Ekmek: Eski dost yeni düşman

Teknoloji çağına inatla direnen bir alışkanlığım var. Hala sevdiğim köşe yazılarını, makaleleri kesip saklıyorum. Geçenlerde dosyayı bir kurcalayayım dedim, elime Vedat Milor’un bir makalesi geçti. “Çok kıymetli bir babanın aşırı egoist ve yalancı oğlu”(*) demiş ekmek için. Cümledeki derinlik bu seneki kadar dikkatimi çekmemişti. Aradan henüz bir yıl geçmiş, ancak son zamanlarda sıklıkla ekmeği konuşuyor, ‘Ne yapmalı?’ diye birbirimize danışıyoruz.

Buğday neredeyse insanlık tarihi kadar eski bir ürün. Hal böyle olunca hem insanlar hem de hayvanlar için temel besin öğesi haline gelmiş. Pek çok kültürde yeri çok kutsal. Topraklarımız buğdayın gen bankası olarak kabul ediliyor ve günümüzde buğdayın onlarca çeşidi mevcut.

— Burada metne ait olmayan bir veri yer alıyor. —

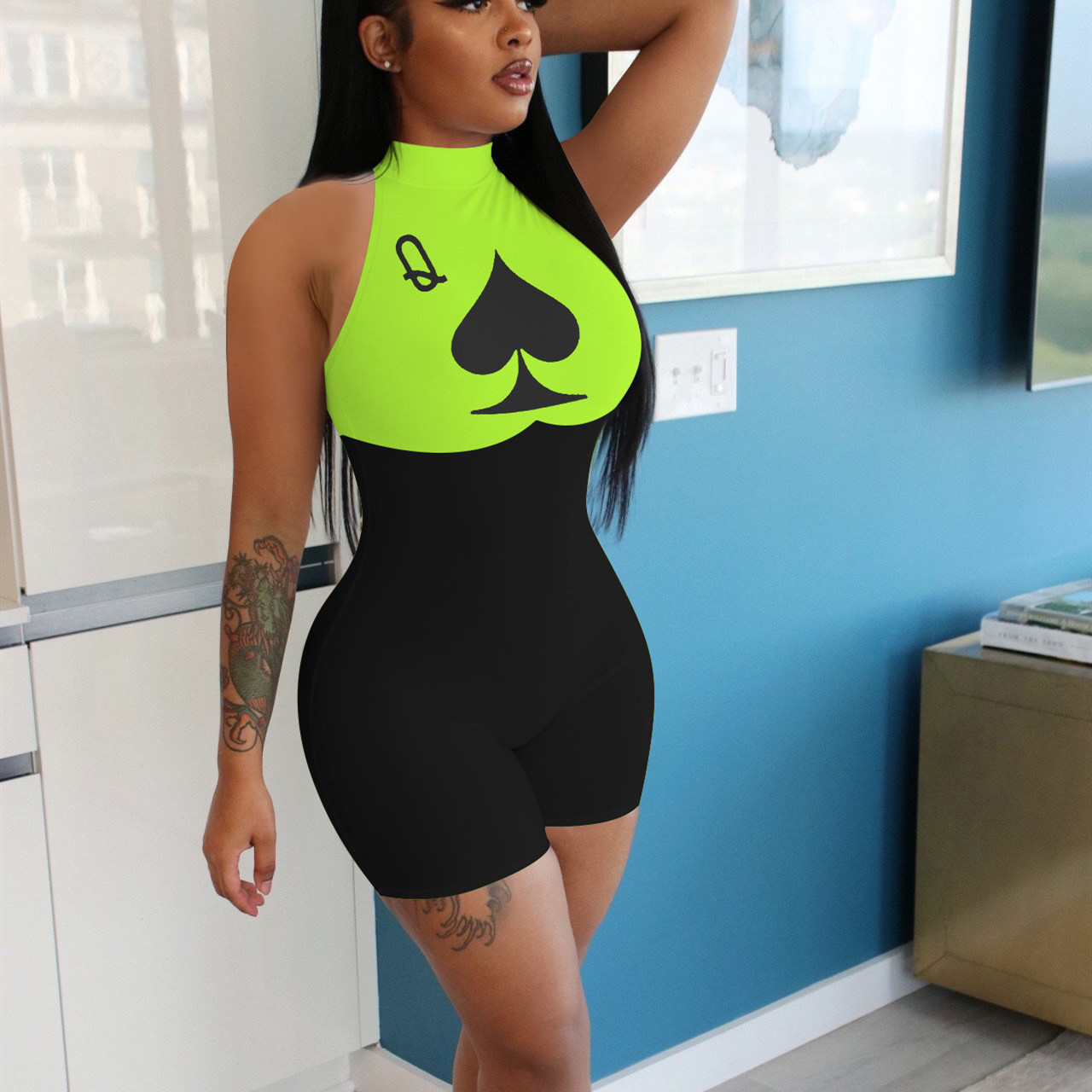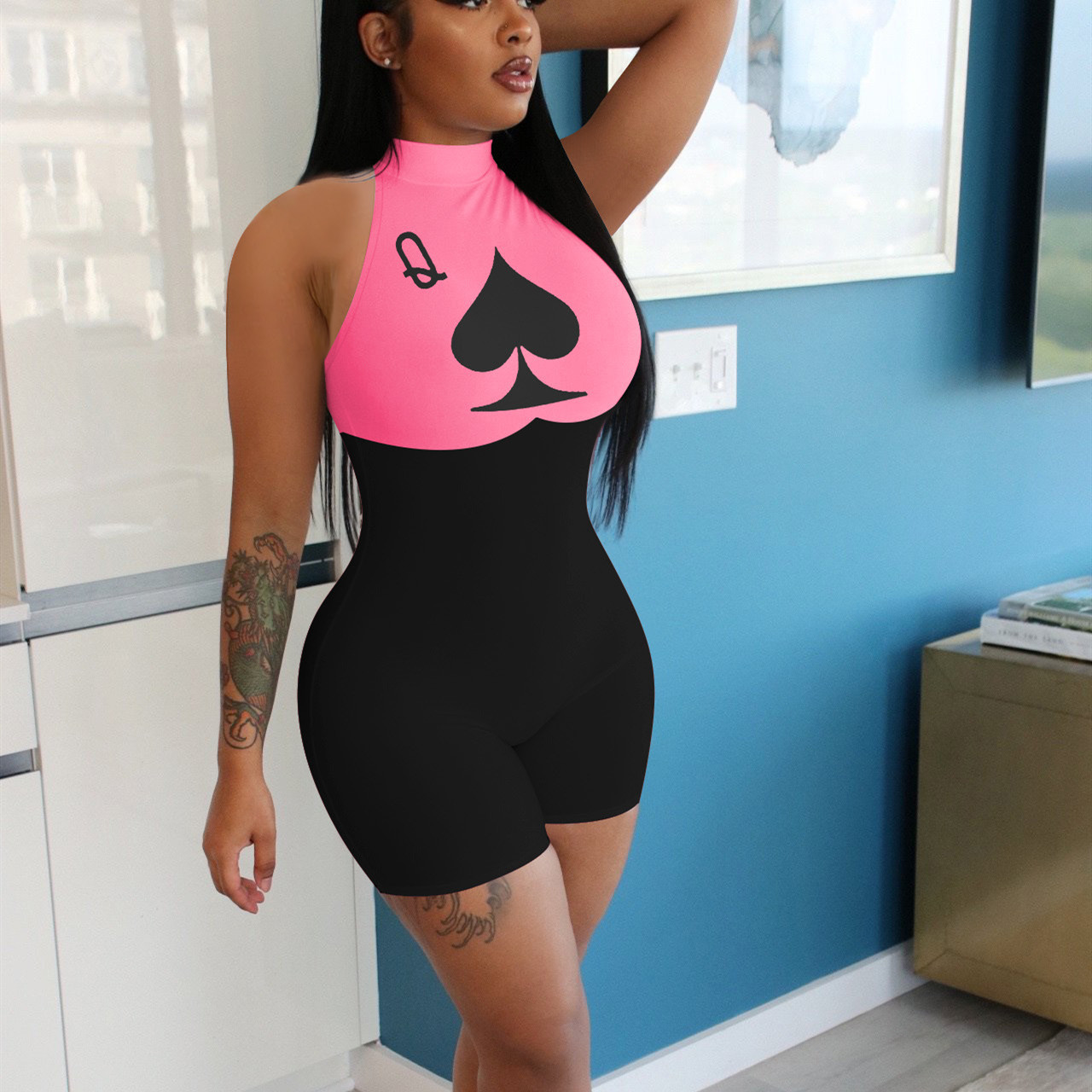 hirigin Printed Sexy Jumpsuits for Women Sleeveless Bodycon Rompers Club Wear Summer Woman One Piece Outfit New

Buğdayla ilgili tartışmalar

Buğdaydaki bu çeşitlilik son zamanlarda GDO’lu buğday tartışmalarını gündeme getirdi. Bir grup uzman GDO’lu buğday tohumlarının piyasaya yayıldığını ve ekmeğimizin bu tohumlardan geldiğini savunurken, diğer bir grup GDO’lu buğdayın Türkiye’de bulunmadığını, bu kromozom çeşitliliğinin yüzyıllar boyunca buğdayın geçirdiği evrim ile ilgili olduğunu savunuyor.

Durum her ne olursa olsun, bugün soframıza ekmek diye koyduğumuz şey aslında ekmek değil; adeta bir düşman. Ama pek çoğumuza göre de ekmeksiz sofra, sofra değil. Öncelikle bu gerçeği kabullenmek gerek sanırım. Bizim gibi ekmeği sofra kültürünün en büyük parçası haline getirmiş, hatta B grubu vitaminler ve karbonhidratın yalnızca ekmekten alınabileceğine kendini inandırmış bir toplumun boğazından ekmeği birden bire sökemezsiniz elbette. Bir de tabii refah seviyesi, alım gücü gibi gerçekler var. Etin kilosunun 45 TL olduğu bir piyasada insanlar çaresiz bir şekilde kalitesiz karbonhidrata yöneliyorlar. Yani kitlesel açlığın önlenmesi açısından kimilerine göre de büyük bir kurtarıcı ekmek.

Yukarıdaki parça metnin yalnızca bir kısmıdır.